A tan­gled web that leaves me weav­ing

The Weekend Australian - Travel - - Front Page - Jimmy Thom­son

US­ING the in­ter­net to book a round-the-world jour­ney (with side trips) was never go­ing to be plain sail­ing, but the warn­ing signs are there from the start. At the end of the la­bo­ri­ous process to sort out the itin­er­ary, I punch in the de­tails of the fi­nal flight home and the air­line com­puter in­stantly freezes. Af­ter start­ing painstak­ingly from scratch and en­dur­ing two more heart­break­ing fail­ures, I hit print, pick up the phone and read the de­tails to a real per­son.

So much for the pa­per­less of­fice and on­line book­ing. Some­times, noth­ing beats the hu­man touch. That aside, there is an im­mense sense of sat­is­fac­tion in plan­ning a trip from the com­fort of home, es­pe­cially when you pick up bar­gains by book­ing flights early and ho­tels late. Just $25 from Lon­don to Nice ain’t bad, booked three months in ad­vance, while book­ing our next ho­tel can wait un­til we are about to leave the one in which we’re stay­ing now.

Good the­ory but I don’t get past the first ho­tel lobby be­fore a flaw be­comes ap­par­ent. Jet­lagged from the flight and nerves shred­ded by the drive from Los An­ge­les air­port to West Hol­ly­wood, we call ahead to see if we can get into our room early. Small prob­lem: no book­ing. We may have sent it but they never re­ceived it. OK, it isn’t a com­plete dis­as­ter. Be­cause I have printed my book­ing con­fir­ma­tion email, the guy at the front desk gives us a room at the dis­counted on­line rate. Again, the hu­man touch comes to the res­cue.

I could use his help plan­ning our lug­gage al­lowances, too. You can check in with two bags with a max­i­mum com­bined weight of 22kg but change air­lines and it could be one case with a com­bined length, depth and height of no more than 158cm. You need the com­puter just to work it out.
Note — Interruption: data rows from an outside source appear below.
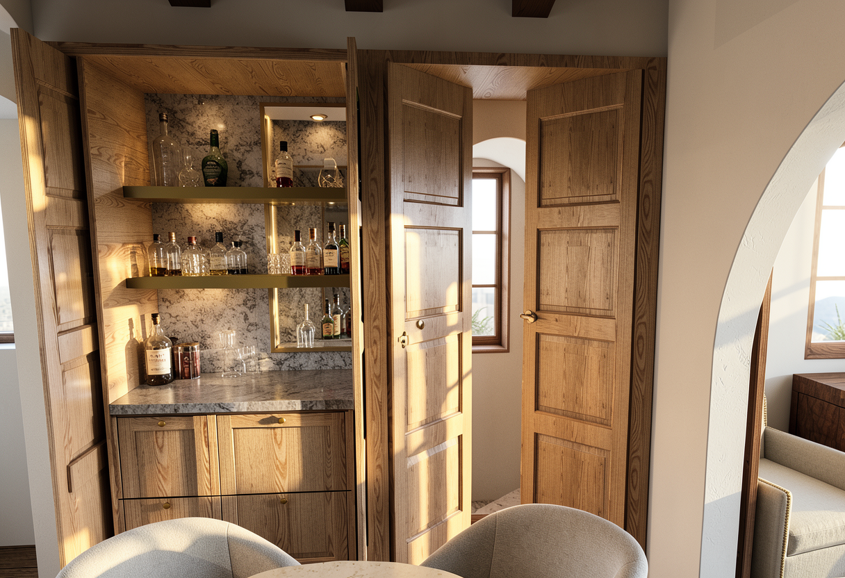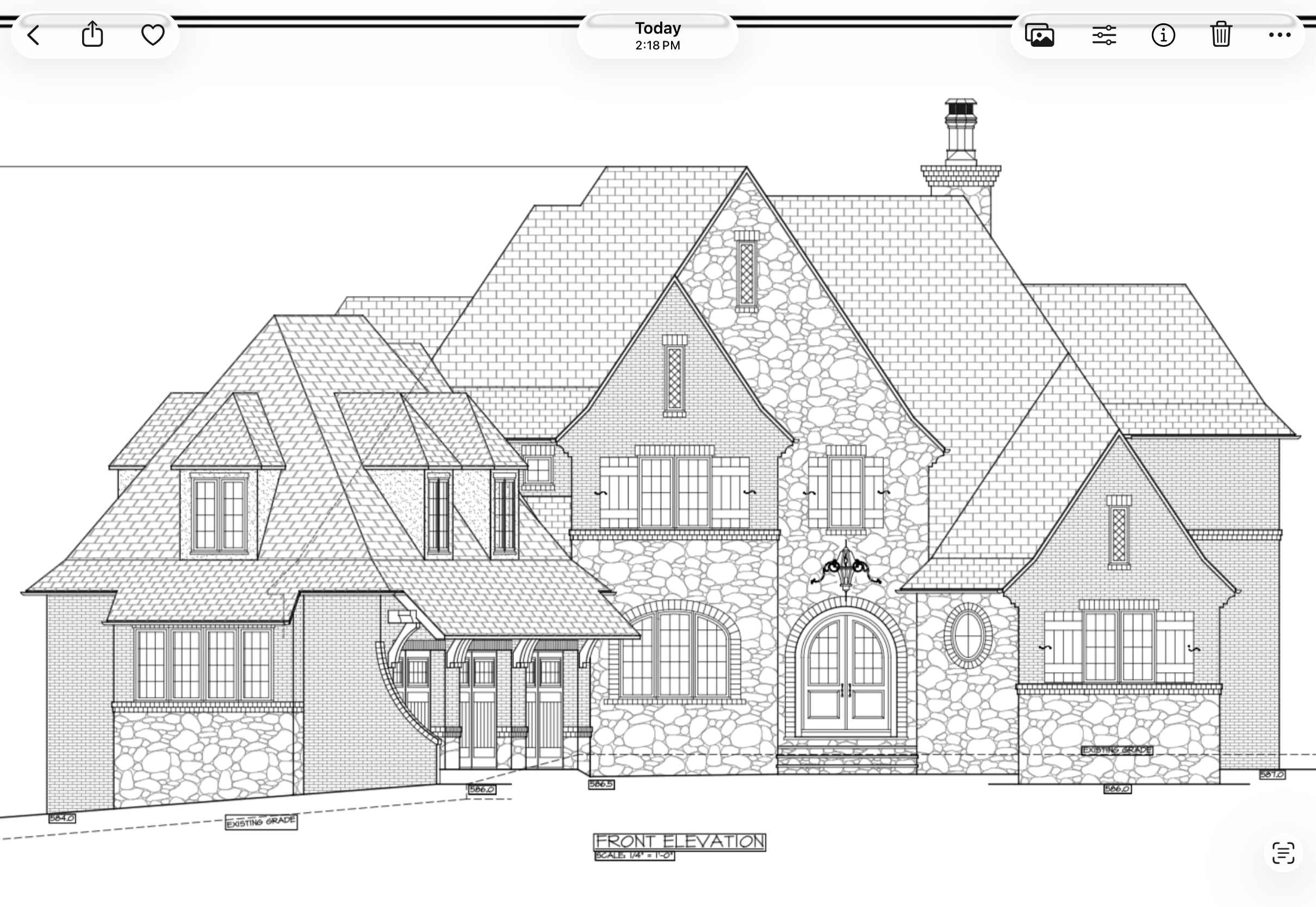 provide photo realistic rendering of english countyr style home light brick and varied mid light stone colors black roof windows and eaves keep all details as is lush landscaping and vibrant blue sky on horse farm
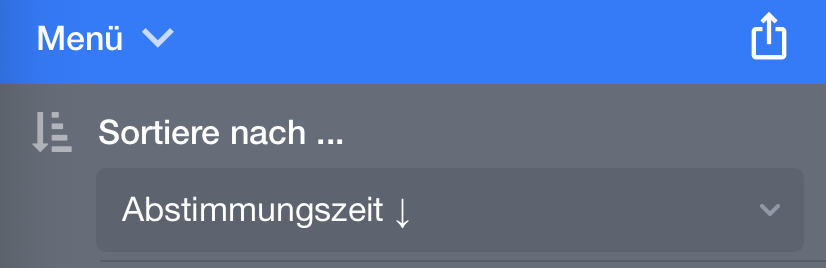 - You can now individually determine the sorting of votes in the poll directly through the "Menu." This setting applies to you and the specific survey. (You can still choose the overall sorting in your fragab settings as before.)
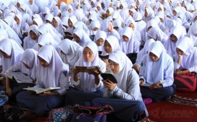 Membentuk Lingkaran, Ribuan Santri Ponpes Ikuti Tadarus Massal di Medan
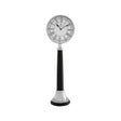 The monochromatic Kensington Townhouse table clock is a striking blend of black and nickel finishes. A vintage-style clockface features Roman numerals and elegant hands.
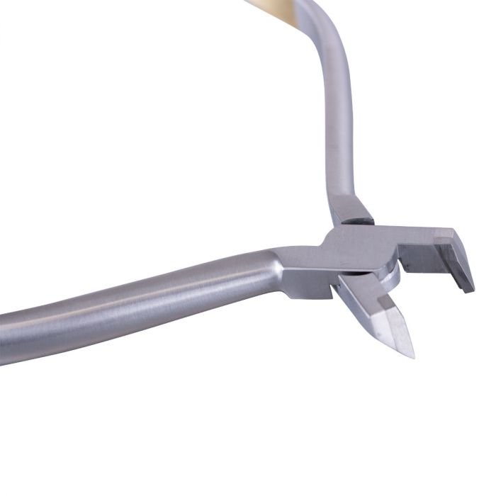 Zur sicheren Entfernung von Brackets dient dieser hochwertige silberfarbene Direct Bond Bracket Remover TC. Es handelt sich hier um ein Instrument, das aus rostfreiem Edelstahl, und zwar aus Wolframcarbit, gefertigt wurde. Dieser Stoff ist bekannt für seine besondere Härte und ist dadurch äußerst verschleißarm. Die ergonomische Form dieses Handinstrumentes ermöglicht ein ermüdungsfreies Arbeiten. Der Direct Bond Bracket Remover wurde darüber hinaus so konstruiert, dass die Behandlung an Patienten so schonend wie möglich vorgenommen werden kann.
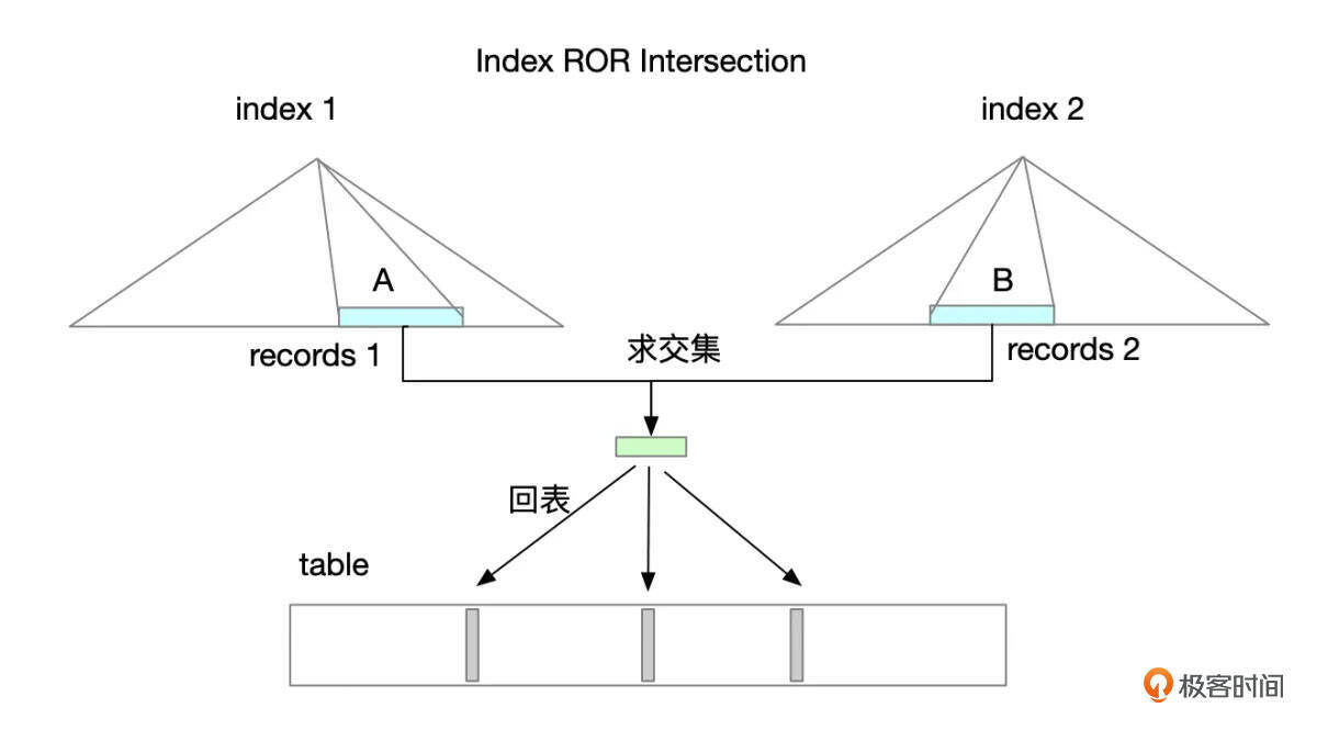 按索引条件读取索引记录 对多个索引的记录合并,去重。 回表查询数据

Hav­ing stuffed holdalls into suit­cases in New York (be­cause do­mes­tic and in­ter­na­tional ser­vices have dif­fer­ent lug­gage rules, as do many air­ports), we ar­rive in Scot­land to dis­cover I’ve for­got­ten which car hire firm I booked. Af­ter ask­ing at all the coun­ters, I fire up my lap­top and try in vain to find a con­fir­ma­tion email. (I still worry there’s an off-site rental car with my name on it sit­ting for­lornly in the air­port car park.)

Then there is the so-called bou­tique ho­tel in Glasgow. It looks great on its web­site but is ba­si­cally a room with a flood­ing shower above a thump­ing night­club (one of its pa­trons sets off the fire alarm at 3am).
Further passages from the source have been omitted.